---------- Input data
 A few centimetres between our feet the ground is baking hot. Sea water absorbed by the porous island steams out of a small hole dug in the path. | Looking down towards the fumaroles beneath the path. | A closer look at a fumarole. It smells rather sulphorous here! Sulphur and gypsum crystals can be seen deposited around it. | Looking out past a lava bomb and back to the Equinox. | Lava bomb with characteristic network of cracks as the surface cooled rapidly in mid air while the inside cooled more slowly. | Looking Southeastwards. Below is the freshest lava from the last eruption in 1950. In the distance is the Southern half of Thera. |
--------------------
---------- Input data
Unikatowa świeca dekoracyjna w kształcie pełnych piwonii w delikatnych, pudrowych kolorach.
--------------------
---------- Input data
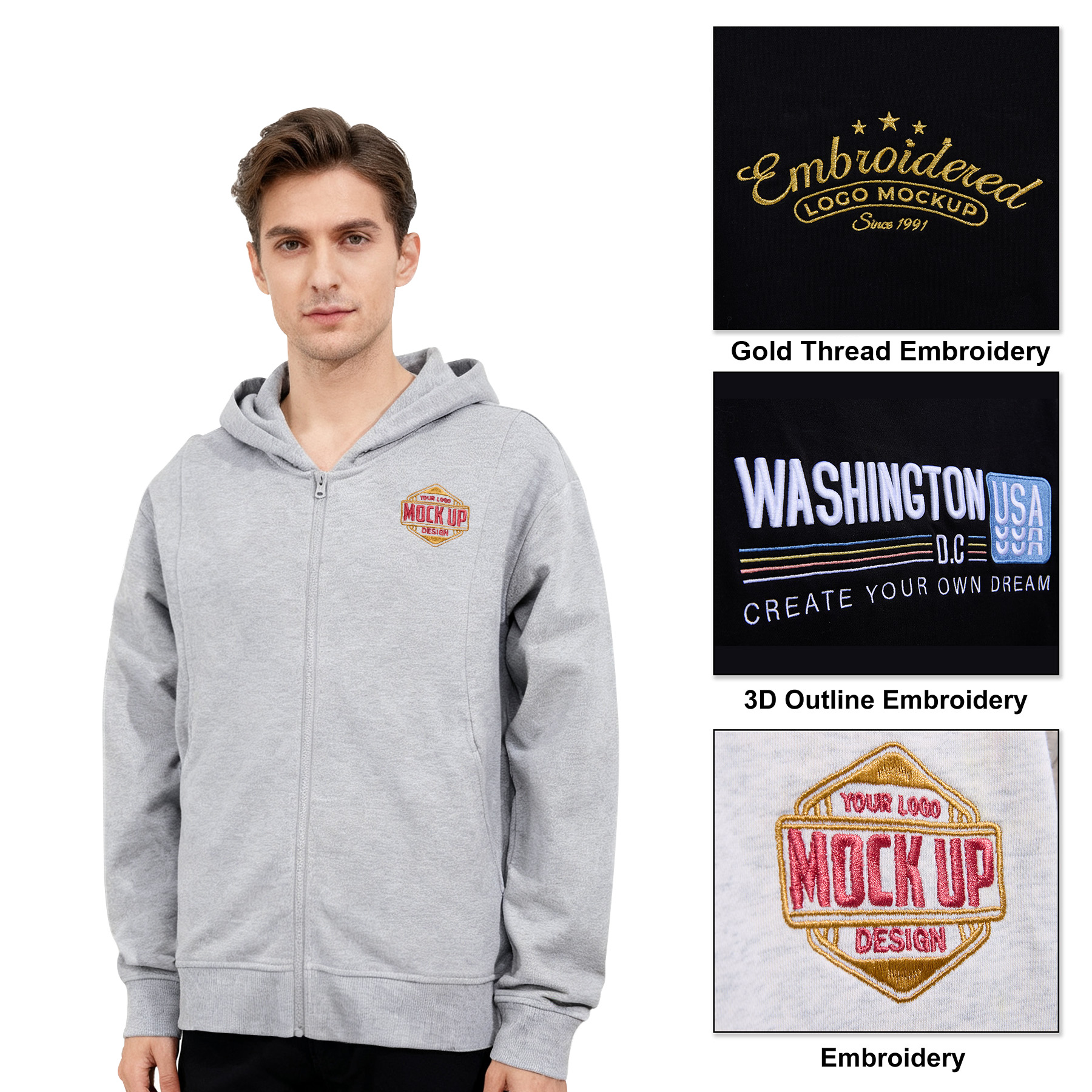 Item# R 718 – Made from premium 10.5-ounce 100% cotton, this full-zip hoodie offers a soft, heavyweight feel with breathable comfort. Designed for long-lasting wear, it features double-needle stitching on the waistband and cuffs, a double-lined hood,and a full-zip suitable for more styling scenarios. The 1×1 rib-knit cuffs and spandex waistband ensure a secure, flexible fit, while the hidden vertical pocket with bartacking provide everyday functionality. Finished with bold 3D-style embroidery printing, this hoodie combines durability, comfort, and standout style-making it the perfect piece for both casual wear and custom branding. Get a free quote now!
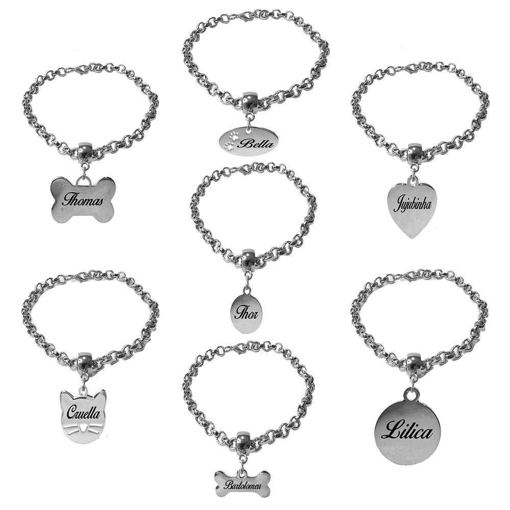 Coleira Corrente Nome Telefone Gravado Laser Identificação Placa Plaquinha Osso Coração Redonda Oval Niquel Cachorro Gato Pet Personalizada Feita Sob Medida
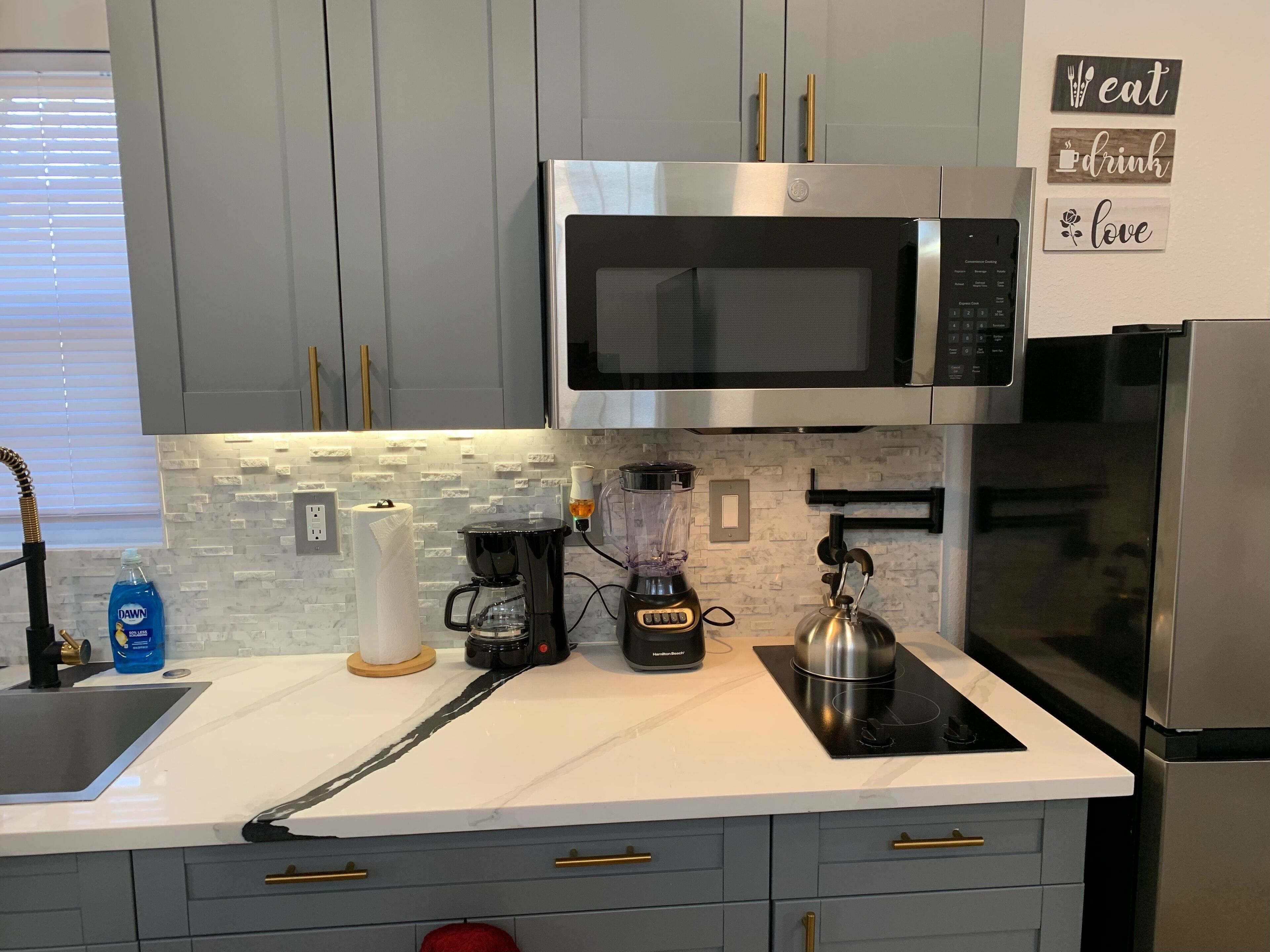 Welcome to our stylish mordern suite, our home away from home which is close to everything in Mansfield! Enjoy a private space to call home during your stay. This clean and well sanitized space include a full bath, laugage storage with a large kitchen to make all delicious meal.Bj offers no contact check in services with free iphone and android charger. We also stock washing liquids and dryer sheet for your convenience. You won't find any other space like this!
--------------------
#### Your instructions
Whatever pictures the records hold, omit them; give again exactly the lines from the one containing "Coleira Corrente Nome" through the one containing "Welcome to our".

#### Response for this exercise
 Coleira Corrente Nome Telefone Gravado Laser Identificação Placa Plaquinha Osso Coração Redonda Oval Niquel Cachorro Gato Pet Personalizada Feita Sob Medida
 Welcome to our stylish mordern suite, our home away from home which is close to everything in Mansfield! Enjoy a private space to call home during your stay. This clean and well sanitized space include a full bath, laugage storage with a large kitchen to make all delicious meal.Bj offers no contact check in services with free iphone and android charger. We also stock washing liquids and dryer sheet for your convenience. You won't find any other space like this!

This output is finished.